To put it another way: if Reddit wins the breach of contract claim based on this allegation, it will completely blow up online contract formation law as we currently know it. For more on this, see my slide deck from my May presentation on online contract formation.

Now, Reddit has more arguments it could possibly make to bind Anthropic to contract terms. It could try the Register.com v. Verio/Restatements 69 contract formation workaround. It could argue that Anthropic has publicly admitted that the TOS terms bind it. It could argue that Anthropic employees created Reddit accounts and thus learned about the restrictive terms during the account formation process. It could argue that Anthropic knew about the Robots.txt restrictions and somehow that turned the Robot.txt instructions into a contract. It could argue that Anthropic’s robots clicked on the user agreement link and assented as Anthropic’s legal agents. These are all theoretical arguments because Reddit doesn’t appear to be arguing any of this yet (some of these arguments would require an amended complaint).

What Reddit cannot do is successfully argue that its home page link to “user agreement” creates a binding contract. Browsewraps without a call-to-action are not a contract.
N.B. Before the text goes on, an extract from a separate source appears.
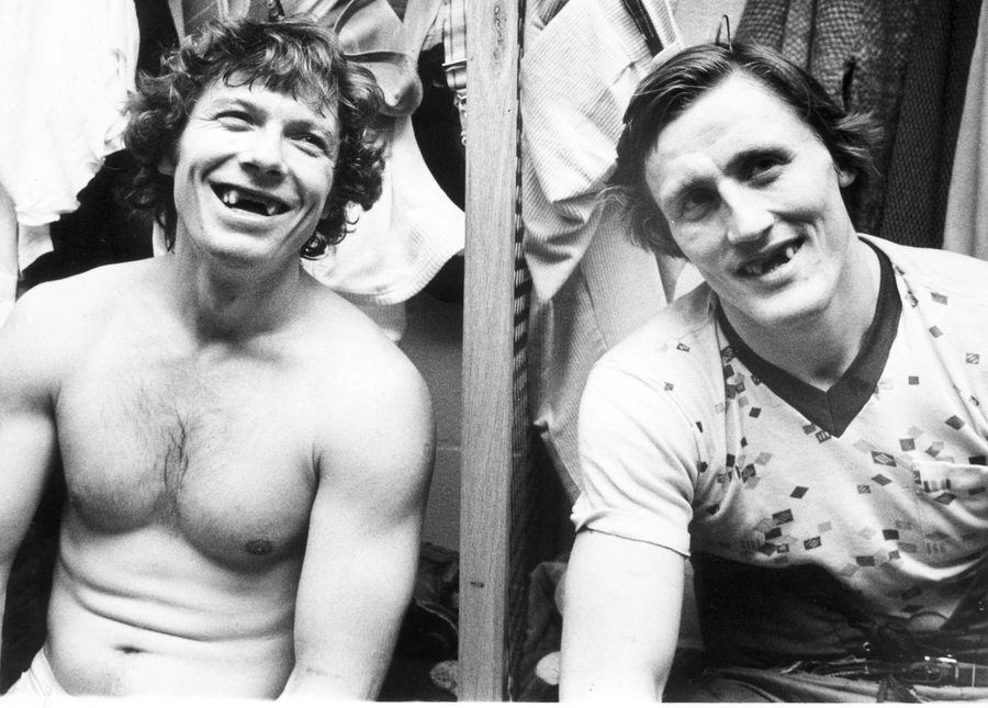 19790206. VADA MJÖLKTÄNDER NHL, Eishockey Herren, USA s lagkapten Bobby Clarke, tv, och Börje Salming garvar ordentligt när Expressens fotograf Hasse Persson undrar vart garnityret tagit vägen. Ny och större protes pa gang skrattar grabbarna. Ishockey x417x *** 19790206 VADA MILK TENDERS NHLs team captain Bobby Clarke, tv, and Börje Salming yawn properly when Expressens photographer Hasse Persson wonders where the garnish has gone New and bigger prosthesis on the way the guys laugh Ice hockey x417x PUBLICATIONxNOTxINxDENxNORxSWExFIN Copyright: xHassexPerssonx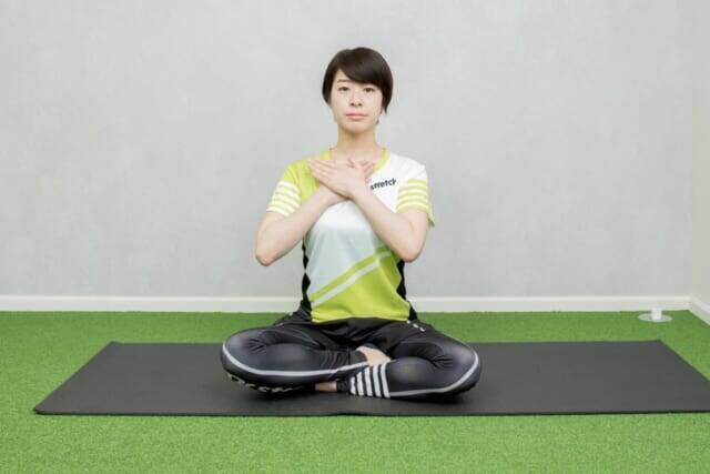 (1)あぐらをかく姿勢になり、右側の鎖骨の下(中心よりも少し右)に両手を添える

Claiming otherwise puts Reddit–and its very capable and expensive lawyers–at risk of massive and unrelenting public and judicial derision.

Reddit’s trespass to chattels claim isn’t much better. Here’s how Reddit pleads Anthropic’s knowledge of the server delimitations: “Anthropic knowingly exceeded the permission granted by Reddit to access Reddit’s personal property, including its technological infrastructure and servers.” This is a threadbare allegation of knowledge without specifying any supporting facts. The complaint’s recitation of facts only marginally improve this. Further, as Kieran notes, the TTC harm statement is also pretty weak in light of the Hamidi standard.

__

Two other noteworthy points about this lawsuit.

A real party-in-interest to this lawsuit is OpenAI. Now that OpenAI is paying a license fee to Reddit, they need all of their rivals to bear the same costs. If Reddit can’t impose license fees on Anthropic, assume that OpenAI will look for other ways to jack up Anthropic’s cost structure to more closely mirror OpenAI’s. I explain this dynamic in my Generative AI is Doomed paper.

Also, Reddit frames itself as the champion of its users’ interests, but Reddit is walking a fine (and awkward) line. Sure, it’s nominally defending its users from rapacious scraping malefactors. But in practice, even Reddit’s values have a price tag. Reddit isn’t opposed to third parties profiting from its users’ content; it just needs its vig.

* * *

Kieran’s Supplement

Following up on Eric’s comments.

Under any reasonable current interpretation of California law, the breach of contract claim should be gone. There’s no evidence of actual or constructive knowledge of the online agreement in the complaint. There is case law in other jurisdictions that says that a sophisticated business may be held liable for breach of contract even when there is no proof of actual notice in the record (CouponCabin LLC v. Savings.com, Inc., 2017 WL 83337 (N.D. Ind. Jan. 10, 2017); Int’l Council of Shopping Ctrs., Inc. v. Info Quarter, LLC, No. 17-5526 (S.D.N.Y. May 7, 2019)), and when a business also has an online agreement that is similar to the one that is being enforced. DHI Group, Inc. v. Kent, No. 16-1670 (S.D. Tex. Oct. 26, 2017). But that reasoning has never been applied in California.

Perhaps Reddit might argue in a reply that the semi-omniscient “bots” have or should have knowledge of the terms and that knowledge should be imputed to Anthropic. But that argument is without precedent in California, either. If Reddit’s allegations pass muster for “actual or constructive knowledge,” then this would be a complete evisceration of the current standard for knowledge of actual or constructive knowledge of an online agreement for a sophisticated business in California.